Atrial fibrillation and flutter is a pervasive disease affecting 6.1 million people in the United States.Each year it is responsible for more than 750,000 hospitalizations and 130,000 deaths.In contrast to overall declining death rates for cardiovascular disease,4 AF as the “primary or contributing cause of death has been rising for more than two decades.”The annual economic burden of AF is six billion dollars; medical costs per AF patient are about $8,707 higher than for non-AF individuals.Thrombotic embolism of the cerebral circulation, or stroke, is the principal risk of AF and ranges from less than 2% to greater than 10% annually.AF is the cause of 100,000-125,000 embolic strokes each year, of which 20% are fatal.Anticoagulation to prevent these embolic events is standard of care unless contraindicated.However, it is not without risk, as even minor trauma can cause substantial and potentially life-threatening bleeding. Given that AF is the most common arrhythmia among the elderly,balancing these competing risks is challenging. Anticoagulation for AF is most commonly accomplished with a vitamin K antagonist, warfarin.
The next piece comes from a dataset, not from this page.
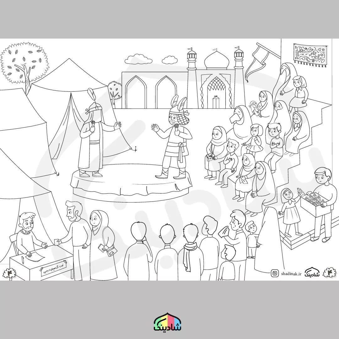 نمای چهارم اولین و بزرگترین #رنگ_آمیزی متری با موضوع #عزاداری یادش به خیر قدیما چه قد تعزیه خوانی بیشتر بود ، البته همه ی صحنه هاش مناسب کودکان نیست ولی کلا به یادموندنیه.. گوشه ی سمت چپ حیاط مسجد دارن ثبت نام میکنند برای پیاده روی اربعین مطمئن باشید برای سرگرم کردن بچه ها خیلی مفیده توی عزاداری ها و #روضه های خانگی.. ... #روضه #رول_کاغذ #رنگ_آمیزی

However, its use requires patient education, medication compliance, dietary consistency, and close monitoring.CHA2 DS2 -VASc, ATRIA, HAS-BLED, ORBIT, and HEMORR2 HAGES are just some of the decision-support tools available to objectively weigh the risk of stroke and life-threatening bleeding from therpy.Newer, novel oral anticoagulant agents provide a benefit/risk profile that may surpass warfarin, especially when considering initiation in the emergency department. 16-18 In this issue of WestJEM, Smith and colleagues present a prospective observational evaluation of anticoagulation prescribing practices in non-valvular AF. Patients presenting to one of seven Northern California EDs with AF at high risk for stroke were eligible unless admitted, not part of Kaiser Permanente of Northern California ,cannabis grow indoor or already prescribed anticoagulation. During the 14-month study there were no departmental policies governing the initiation of anticoagulation in AF patients. University of Alabama School of Medicine, Department of Emergency Medicine, Birmingham, Alabama.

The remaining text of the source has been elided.